Sunday, March 13, 2011

Nintendo Chiritori (無線クリーナー チリトリー, 1979)

In the early 70s, a series of remote controlled cars had been released by Nintendo (called Lefty RX). These used a rudimentary single-button radio control mechanism, allowing the cars to start and stop. Steering was not an option: the “left” in the name refers to the fact that the front wheels of the cars were fixed going to the left side.

A similar radio control mechanism would be used for another unlikely Nintendo toy designed by Gunpei Yokoi: Chiritori (Japanese for “dustpan”).

Radio controlled cleaner Chiritori (無線クリーナー チリトリー)
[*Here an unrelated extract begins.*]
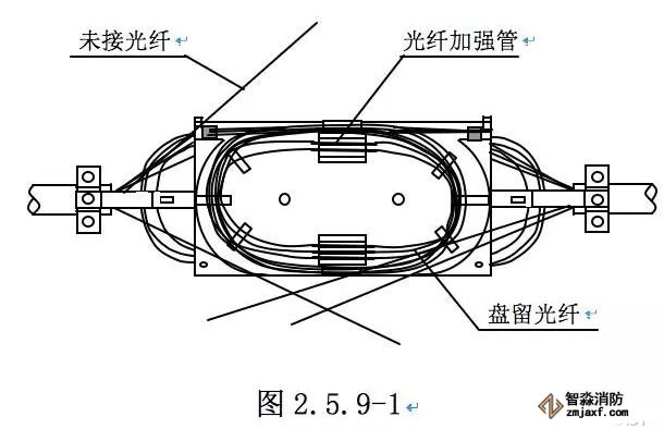 2.5.9-1完成光纤接续后,应把光纤余长在盘留板内进行盘留。盘留时应将A、B两侧光纤同时压花盘留,盘留圈数控制为偶数,以达到相互抵消扭力的作用。最后将光纤接头保护管按顺序放入固定槽内。见图2..5.9-1。
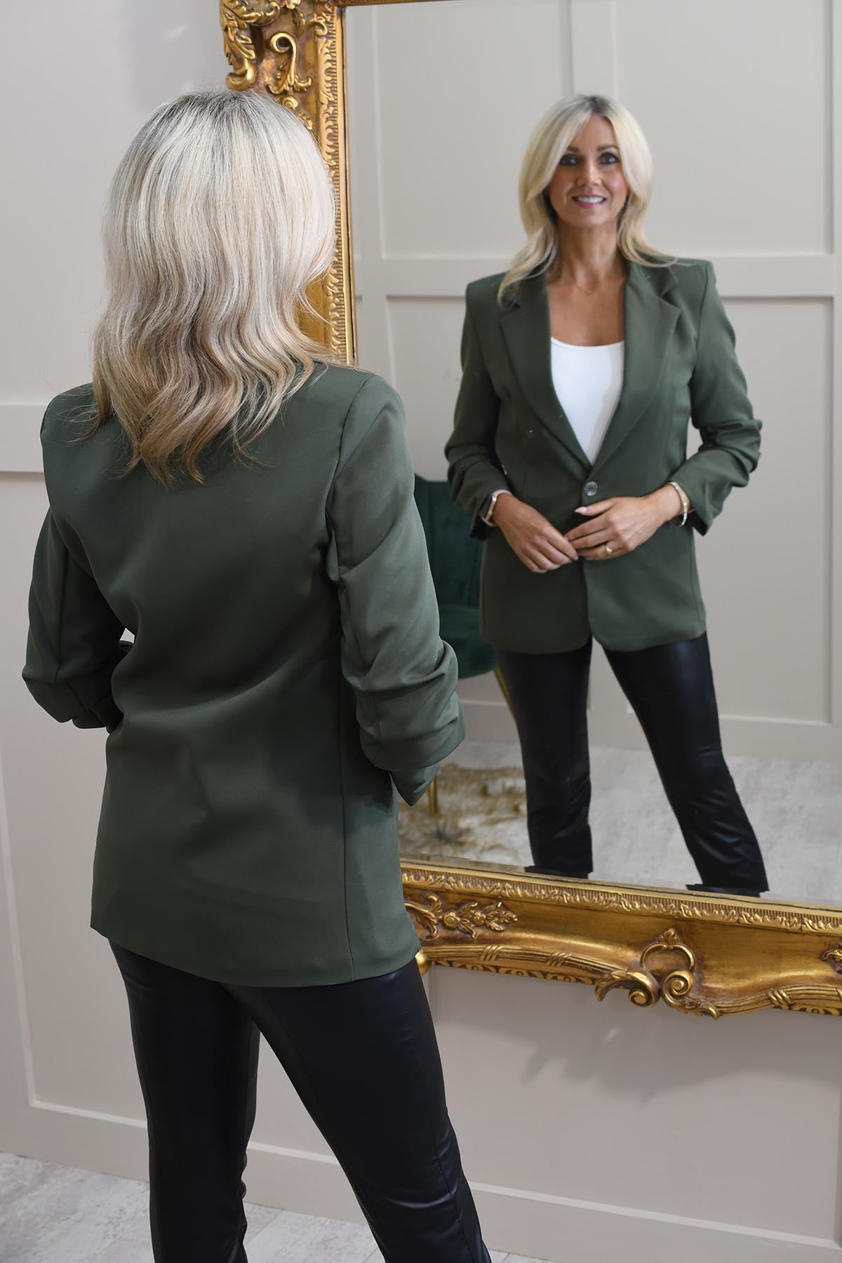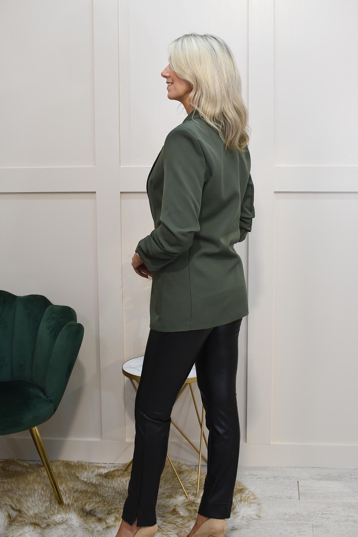 Kyla Khaki Blazer mit gerafften Ärmeln – 50210

The toy was also referred to as "無線クリーナー", which means "radio (controlled) cleaner".

Cover page of the manual

Chiritori was released in 1979, and retailed for ¥5,800. It did not become a big seller and was produced in relatively small numbers, making it one of the rarer Nintendo toys and very difficult to find these days.

Chiritori is a remote controlled, battery operated mini vacuum cleaner. It measures a mere 16 centimeters across, with a small fan providing dust-sucking action. Although it can actually vacuum, this is not intended for serious cleaning. It would take you all day to do a single room.

Chiritori comes with a radio controller with a single button.

Both Chiritori and controller have small antennae for radio communication (using the 40.680 MHz band).

Also included is a sheet of stickers, which can be used to customize the body of Chiritori.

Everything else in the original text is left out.